▶ **ACTIVITY**: For the records below, output word for word the lines from the one with "一星期之后(9月27日),五" up to and including the one with "If a contact". No pictures.

▶ **RECORDED DATA**:
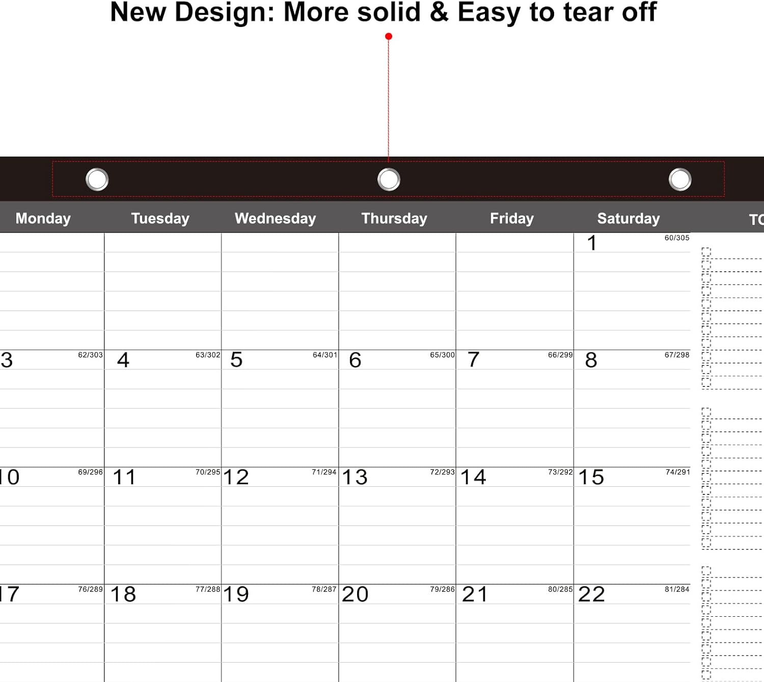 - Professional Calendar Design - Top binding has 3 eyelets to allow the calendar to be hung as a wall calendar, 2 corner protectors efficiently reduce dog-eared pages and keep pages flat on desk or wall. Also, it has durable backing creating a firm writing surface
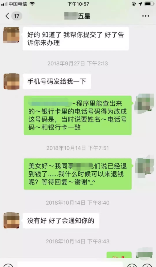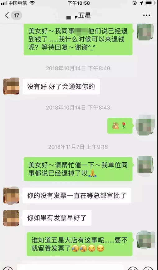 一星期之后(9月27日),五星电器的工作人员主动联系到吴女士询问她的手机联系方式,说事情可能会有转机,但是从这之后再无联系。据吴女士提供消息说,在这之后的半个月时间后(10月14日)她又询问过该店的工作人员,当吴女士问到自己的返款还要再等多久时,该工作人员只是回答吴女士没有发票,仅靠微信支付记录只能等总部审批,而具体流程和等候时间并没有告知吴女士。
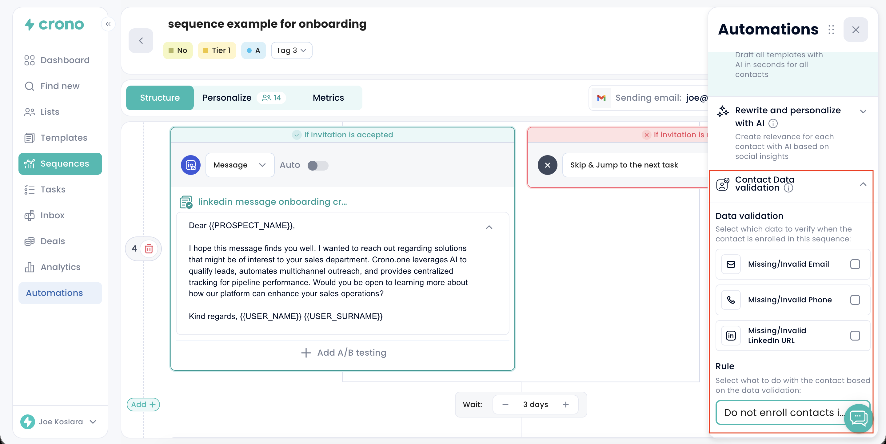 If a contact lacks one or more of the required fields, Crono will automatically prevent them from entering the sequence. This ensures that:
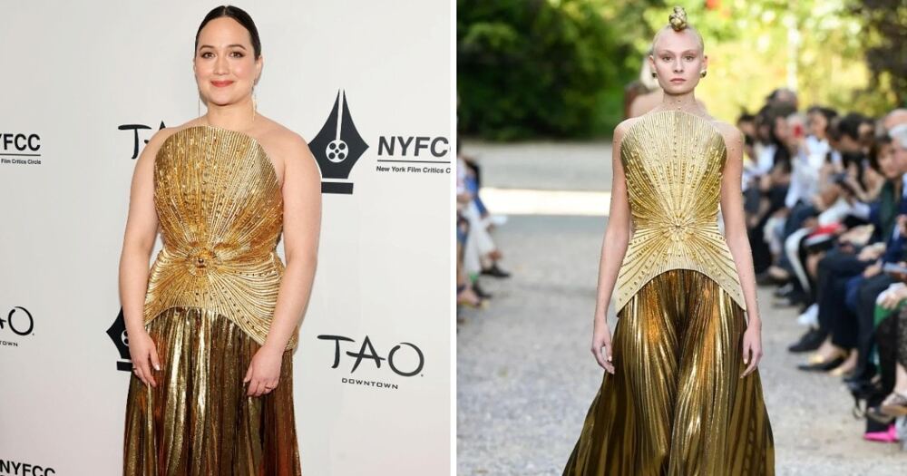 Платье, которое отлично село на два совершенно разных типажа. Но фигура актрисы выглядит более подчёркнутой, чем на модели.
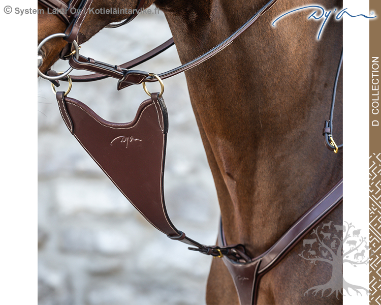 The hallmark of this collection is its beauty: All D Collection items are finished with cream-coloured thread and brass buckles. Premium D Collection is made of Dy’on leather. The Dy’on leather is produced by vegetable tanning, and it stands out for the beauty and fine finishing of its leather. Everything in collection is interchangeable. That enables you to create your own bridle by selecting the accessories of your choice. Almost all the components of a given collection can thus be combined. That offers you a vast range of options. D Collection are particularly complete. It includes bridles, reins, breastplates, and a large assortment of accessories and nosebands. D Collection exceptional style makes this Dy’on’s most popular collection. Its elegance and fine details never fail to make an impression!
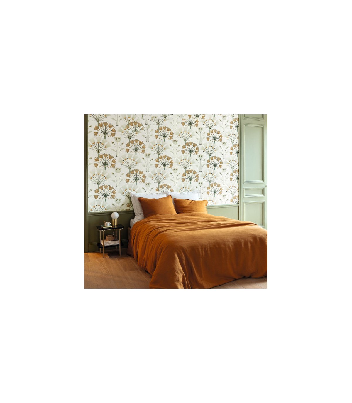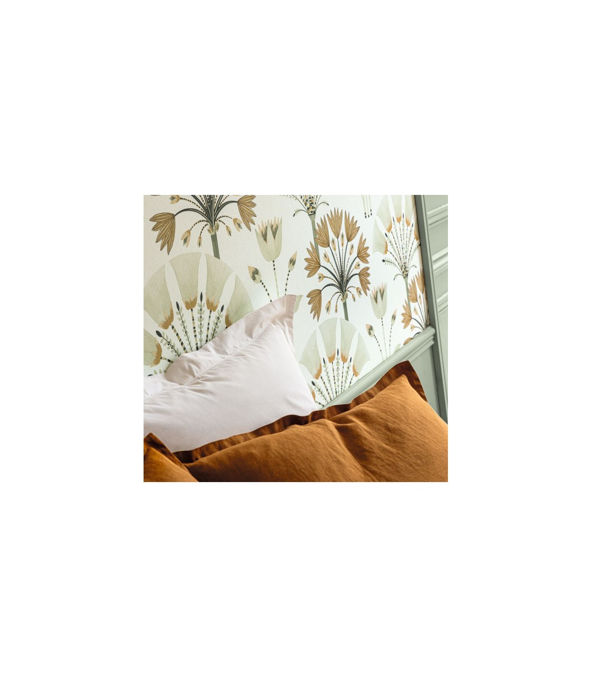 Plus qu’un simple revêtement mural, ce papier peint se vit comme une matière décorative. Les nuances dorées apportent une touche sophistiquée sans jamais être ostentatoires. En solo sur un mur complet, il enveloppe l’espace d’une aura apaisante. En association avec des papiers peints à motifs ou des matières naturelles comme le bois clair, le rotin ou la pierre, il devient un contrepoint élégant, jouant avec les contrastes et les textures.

==

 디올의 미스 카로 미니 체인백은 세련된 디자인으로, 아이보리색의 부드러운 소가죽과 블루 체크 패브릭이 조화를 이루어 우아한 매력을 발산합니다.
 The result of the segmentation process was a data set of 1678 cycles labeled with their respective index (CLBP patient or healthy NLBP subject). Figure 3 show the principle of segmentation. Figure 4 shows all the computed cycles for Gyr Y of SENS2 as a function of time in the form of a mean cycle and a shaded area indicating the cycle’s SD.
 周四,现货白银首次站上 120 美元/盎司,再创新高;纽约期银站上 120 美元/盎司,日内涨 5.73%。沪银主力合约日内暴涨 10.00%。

▶ **TASK OUTPUT**:
 一星期之后(9月27日),五星电器的工作人员主动联系到吴女士询问她的手机联系方式,说事情可能会有转机,但是从这之后再无联系。据吴女士提供消息说,在这之后的半个月时间后(10月14日)她又询问过该店的工作人员,当吴女士问到自己的返款还要再等多久时,该工作人员只是回答吴女士没有发票,仅靠微信支付记录只能等总部审批,而具体流程和等候时间并没有告知吴女士。
 If a contact lacks one or more of the required fields, Crono will automatically prevent them from entering the sequence. This ensures that:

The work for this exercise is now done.